Koizumi Fumiaki, Kanzawa Fumihiko, Ueda Yutaka, Koh Yasuhiro, Tsukiyama Shoji, Taguchi Fumiko, Tamura Tomohide, Saijo Nagahiro, Nishio Kazuto
Support Facility of Project Ward, National Cancer Center Hospital, Tokyo, Japan.
Int J Cancer. 2004 Jan 20;108(3):464-72. doi: 10.1002/ijc.11539.

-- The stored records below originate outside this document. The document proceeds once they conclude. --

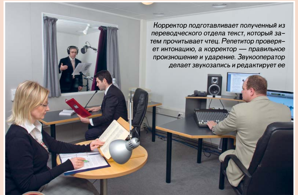
Корректор подготавливает полученный из переводческого отдела текст, который затем прочитывает чтец. Репетитор проверяет интонацию, а корректор — правильное произношение и ударение. Звукооператор делает звукозапись и редактирует ее
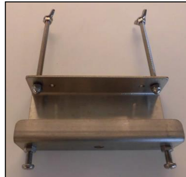
8) ピラー用ホルダー一式(左用) 部品番号: 3858 ¥9,300

刃物部(ワンタッチパイプピラー/PWシリーズ)は別売りです。 刃物部の部品が必要な方は 別途ワンタッチパイプピラーの部品表をご確認ください。
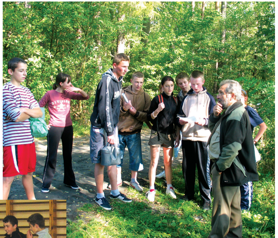
Gimnazjaliści z Wierzawic udzielają odpowiedzi na pytania leśników

Trasa biegu prowadziła wzdłuż lasu w Piskorowicach – Motyniach. Obecni na niej leśnicy zadawali pytania związane ze znajomością lokalnej roślinności, natomiast medycy przepytawali z zasad udzielania pierwszej pomocy.
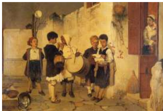
Κάλαντα, Νικηφόρος Λύτρας

α κάλαντα ψάλλονται κυρίως από παιδιά αλλά και από ενήλικα άτομα, είτε μεμονωμένα είτε κατά ομάδες, που περιέρχονται οικίες, καταστήματα, δημόσιους χώρους κ.λπ. με τη συνοδεία του πατροπαράδοτου σιδερένιου τριγώνου, αλλά ενίοτε και άλλων μουσικών οργάνων (φυσαρμόνικας, ακορντεόν, τύμπανου, φλογέρας κ.λπ.). Τα παιδιά ρωτούν συνήθως «Να τα πούμε;» και περιμένουν την απάντηση «Να τα πείτε».
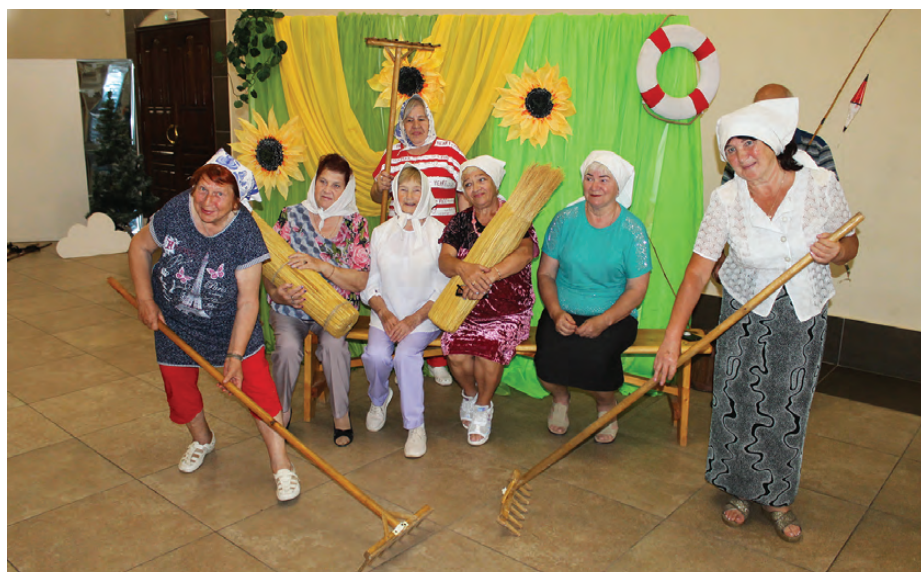
Эх, лето, покос! Вспомним молодость!

– Такого плана мероприятия проводятся уже не в первый раз, и старшее поколение с огромным удовольствием принимает в них участие, – рассказала «КР» методист МАУ ГО Красноуральск «Дворец культуры «Металлург» Ирина
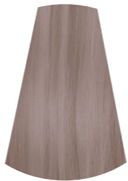
8.89 BIONDO CHIARO ARTICO LIGHT ARCTIC BLONDE RUBIO CLARO ARTICO
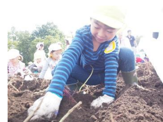
大きなおいも 「あった！」

12月は、今子どもたちが夢中になって楽しんでいる劇遊びや楽器あそびをより発展させていきたいと思います。
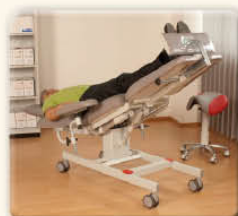
Position en déclive d'urgence activée par une pédale sur les deux côtés du fauteuil.
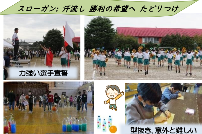
スローガン: 汗流し 勝利の希望へ たどりつけ

1日延期で10月16日(日)に運動会が開催されました。青空のもと児童代表による選手宣誓が行われ競技開始!3年ぶりに全校児童がグラウンドに揃っての運動会となりました。表現種目では、児童が一生懸命練習してきた成果を発揮し、生き生きとした表情でダンスを披露していました。11月1日(火)の松前台小ふれあいまつりは、1・2年生、3・4年生、5・6年生の各ブロックに分かれて体育館で実施されました。保護者手作りのふれあいまつりは、射的、ボウリング、型抜き、ストラックアウトなどが行われ、児童は楽しいお祭りの雰囲気を楽しんでいました。
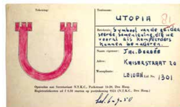
Registratie 'Utopia', Jac. Berbée, 1950

Een bijzondere subcategorie vormen de vlaggen die de tent met een burcht, een kasteel of een paleis associëren. W.C.J. de Koning (jaren '30) noemde zijn of haar tent met een toespeling op zijn naam 'Het Paleis' en voerde een vlag met een kroon. J. Bardet
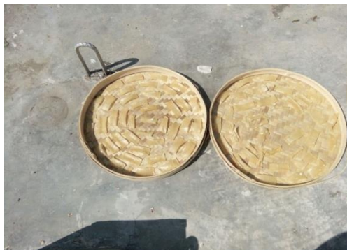
Gambar 9. Adonan Kerupuk yang sudah kering
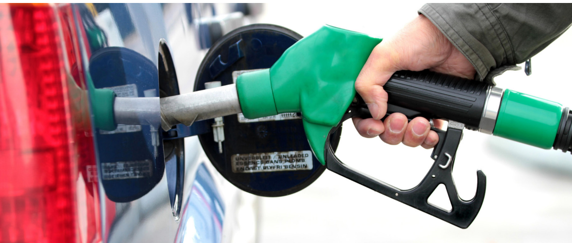
هفته گذشته نمایندگان مجلس شورای اسلامی، مصوبه ای را درباره افزایش
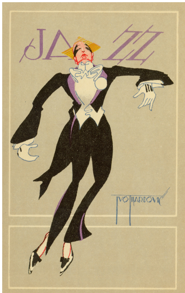
Slika 12. Razglednica Jazz

Tijardović je te dopisnice, po svemu sudeći, mogao nabaviti tijekom svojeg pariškog boravka. Očito je mogao imati afinitet prema prikazima na njima, premda nam se stilske sličnosti čine pregeneričkim.
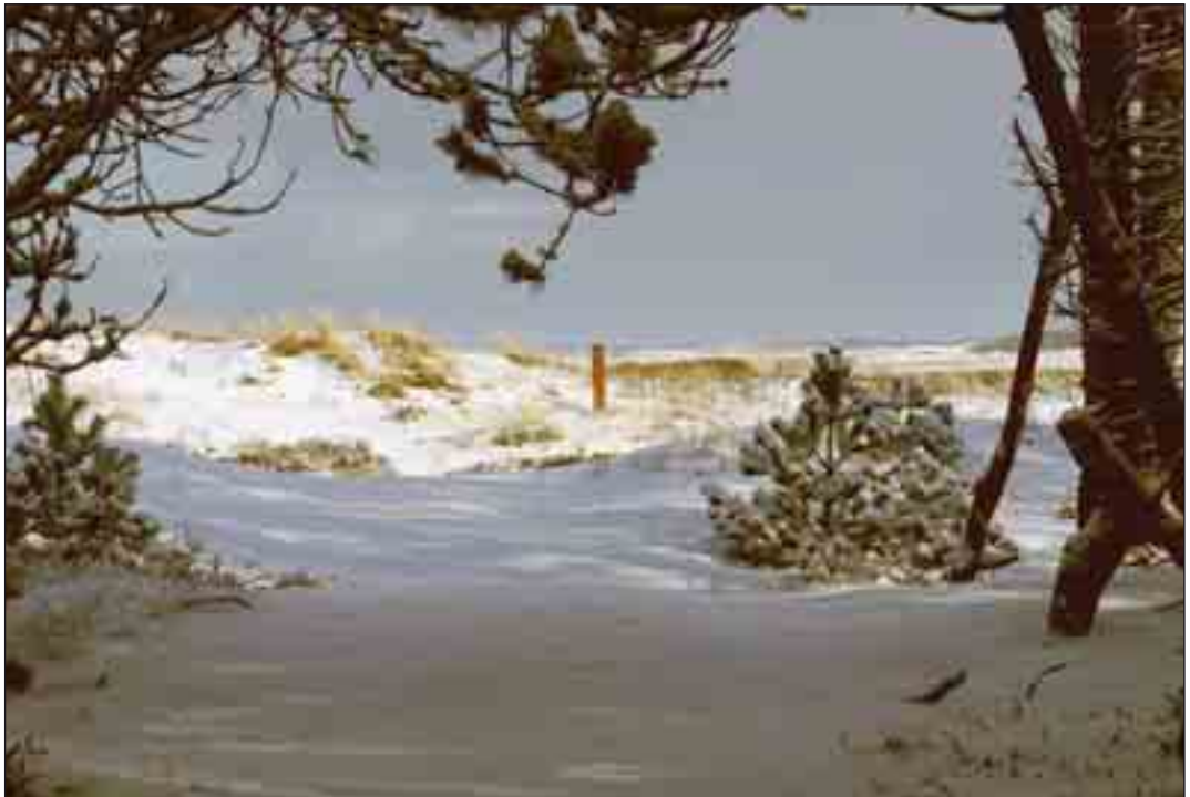
Vinter i nationalparken.

på bekostning af de meget naturfattige bjergfyrbekovninger mod vest.
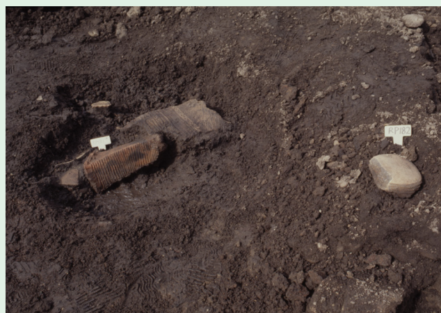
土偶の出土状況（腰部・左脚部）
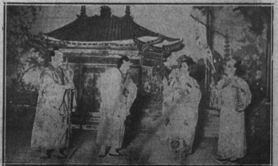
Una escena de la zarzuela «El capricho de una Reina», estrenada en el teatro de Apolo.
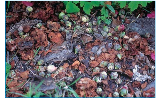
Síntomas y daños del ataque de Cosetacus camelliae

En la actualidad, el único método de control que puede resultar efectivo en la lucha contra este ácaro es la realización de tratamientos químicos. El primer tratamiento se debe realizar después de la floración, cuando las yemas comiencen a hincharse y se inicie la elongación de los nuevos brotes de crecimiento anual (primavera); después deben realizarse nuevas aplicaciones tras la elongación de los brotes, cuando las hojas empiezan a extenderse, e incluso cuando los nuevos capullos se empiezan a ver (verano). Además, los capullos afectados que cubren el suelo deben ser retirados y destruidos para disminuir la población nociva.
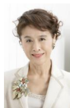
女優・芸術家 栗原小巻
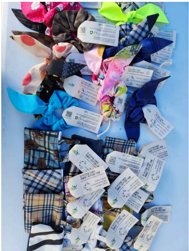
폐우산으로 제작한 머리끈, 동전지갑
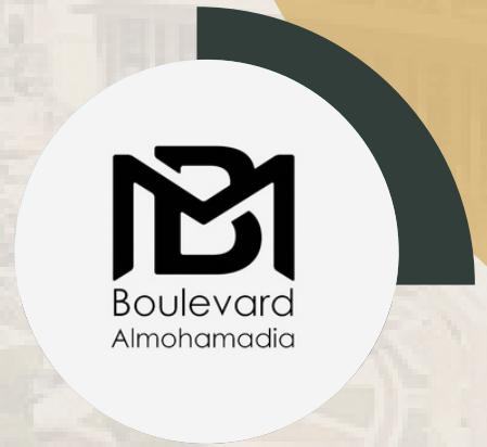
بوليفارد المحمدية 1 كم
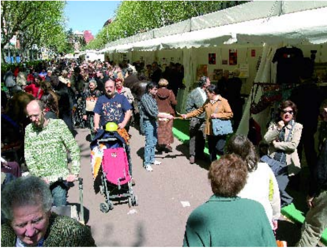
Una imatge de la mostra de l'any 2005.

La Mostra d'Entitats de Gràcia, que se celebra els dies 9, 10 i 11 de març, es farà al tram del passeig de Sant Joan comprès entre els carrers de Còrsega i la travessera de Gràcia

Epidermal growth factor receptor [EGFR (HER1, erbB1)] is a receptor with associated tyrosine kinase activity, and is expressed in colorectal cancers and many other solid tumors. We examined the effect of the selective EGFR tyrosine kinase inhibitor (EGFR-TKI) gefitinib ("Iressa") in combination with the DNA topoisomerase I inhibitor CPT-11 (irinotecan) on human colorectal cancer cells. EGFR mRNA and protein expression were detected by RT-PCR and immunoblotting in all 7 colorectal cancer cell lines studied. Gefitinib inhibited the cell growth of the cancer cell lines in vitro with an IC(50) range of 1.2-160 microM by 3,(4,5-dimethyl-2-thiazolyl)-2,5-diphenyl-2H-tetrazolium bromide (MTT) assay. Lovo cells exhibited the highest level of protein and autophosphorylation of EGFR and were the most sensitive to gefitinib. The combination of gefitinib and CPT-11 induced supra-additive inhibitory effects in COLO320DM, WiDR and Lovo cells, assessed by an in vitro MTT assay. Administration of gefitinib and CPT-11 had a supra-additive inhibitory effect on WiDR cells and tumor shrinkage was observed in Lovo cell xenografts established in nude mice, whereas no additive effect of combination therapy was observed in COLO320DM cells. To elucidate the mechanisms of synergistic effects, the effect of CPT-11-exposure on phosphorylation of EGFR was examined by immunoprecipitation. CPT-11 increased phosphorylation of EGFR in Lovo and WiDR cells in time- and dose-dependent manners. This EGFR activation was completely inhibited by 5 microM gefitinib and gefitinib-induced apoptosis was enhanced by combination with CPT-11, measured by PARP activation although no PARP activation was induced by 5 microM CPT-11 alone. These results suggested that these modification of EGFR by CPT-11, in Lovo cells, is a possible mechanism for the synergistic effect of CPT-11 and gefitinib. These findings imply that the EGFR-TKI gefitinib and CPT-11 will be effective against colorectal tumor cells that express high levels of EGFR, and support clinical evaluation of gefitinib in combination with CPT-11, in the treatment of colorectal cancers.
表皮生长因子受体[EGFR(HER1,erbB1)]是一种具有相关酪氨酸激酶活性的受体,在结直肠癌和许多其他实体瘤中均有表达。我们研究了选择性EGFR酪氨酸激酶抑制剂(EGFR-TKI)吉非替尼(“易瑞沙”)与DNA拓扑异构酶I抑制剂CPT-11(伊立替康)联合应用对人结直肠癌细胞的影响。通过RT-PCR和免疫印迹法检测了所研究的所有7种结直肠癌细胞系中的EGFR mRNA和蛋白表达。采用3-(4,5-二甲基-2-噻唑基)-2,5-二苯基-2H-四氮唑溴盐(MTT)法,吉非替尼在体外抑制癌细胞系的细胞生长,IC(50)范围为1.2 - 160 microM。Lovo细胞中EGFR的蛋白水平和自磷酸化水平最高,对吉非替尼最敏感。通过体外MTT法评估,吉非替尼和CPT-11联合应用在COLO320DM、WiDR和Lovo细胞中诱导了超相加抑制作用。给予吉非替尼和CPT-11对WiDR细胞具有超相加抑制作用,并且在裸鼠中建立的Lovo细胞异种移植瘤中观察到肿瘤缩小,而在COLO320DM细胞中未观察到联合治疗的相加作用。为了阐明协同作用的机制,通过免疫沉淀法检测了CPT-11作用对EGFR磷酸化的影响。CPT-11以时间和剂量依赖性方式增加了Lovo和WiDR细胞中EGFR的磷酸化。这种EGFR激活被5 microM吉非替尼完全抑制,并且通过PARP激活检测发现,与CPT-11联合应用增强了吉非替尼诱导的细胞凋亡,尽管5 microM CPT-11单独使用未诱导PARP激活。这些结果表明,在Lovo细胞中CPT-11对EGFR的这种修饰是CPT-11和吉非替尼协同作用的一种可能机制。这些发现意味着EGFR-TKI吉非替尼和CPT-11对表达高水平EGFR的结直肠肿瘤细胞将有效,并支持吉非替尼与CPT-11联合应用治疗结直肠癌的临床评估。